12 U.S. Code § 3017 - Bonds, debentures, notes and other evidences of indebtedness
The Bank is authorized to obtain funds through the public or private sale of its bonds, debentures, notes, and other evidences of indebtedness. Such obligations shall be issued at such times, bear interest at such rates, and contain such terms and conditions as the Board shall determine: Provided, however, That the amount of such obligations which may be outstanding at any one time pursuant to this section shall not exceed ten times the paid-in capital and surplus of the Bank.

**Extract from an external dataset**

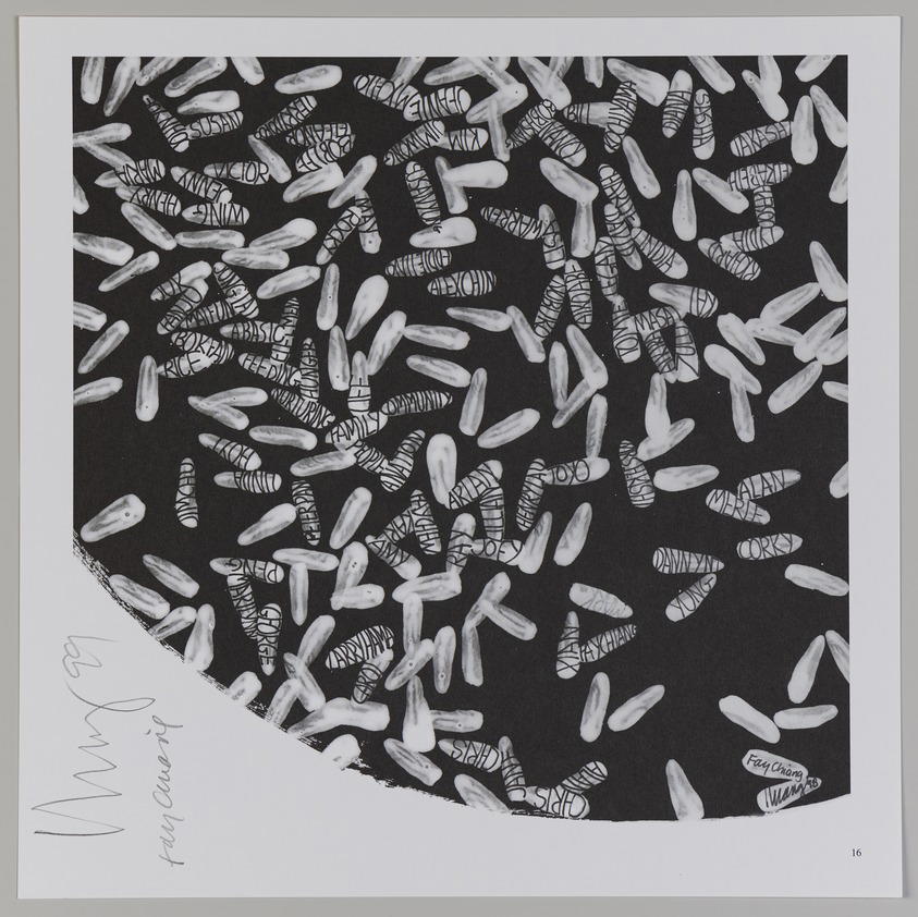 Arlan Huang (American, born 1948); Fay Chiang (American, 1952–2017). Sweet Rice, 1998; published 1999, distributed 2022. Offset lithograph, sheet: 10 3/4 × 10 3/4 in. (27.3 × 27.3 cm). Brooklyn Museum, Gift of Eugenie Tsai, 2022.10.16. (Photo: Brooklyn Museum)

The Bank may purchase its own obligations, and may provide for the sale of any such obligations through a fiscal agent or agents, by negotiation, offer, bid, syndicate sale, or otherwise, and may deliver such obligations by book entry, wire transfer, or such other means as may be appropriate.
Obligations issued under this section shall not be guaranteed by the United States and shall not constitute a debt or obligation of the United States or any agency or instrumentality thereof other than the Bank.
1981—Subsec. (a). Pub. L. 97–35, § 394(g)(1), struck out requirement respecting consultation with the Secretary of the Treasury.
Subsecs. (b) to (d). Pub. L. 97–35, § 396(d), redesignated subsecs. (c) and (d) as (b) and (c), respectively, and struck out former subsec. (b) relating to discretionary authority for issuance to and purchase by Secretary of Treasury.
Amendment by section 396(d) of Pub. L. 97–35 effective on the day after the Final Government Equity Redemption Date (Dec. 31, 1981), see section 396(i) of Pub. L. 97–35, set out as a note under section 3011 of this title.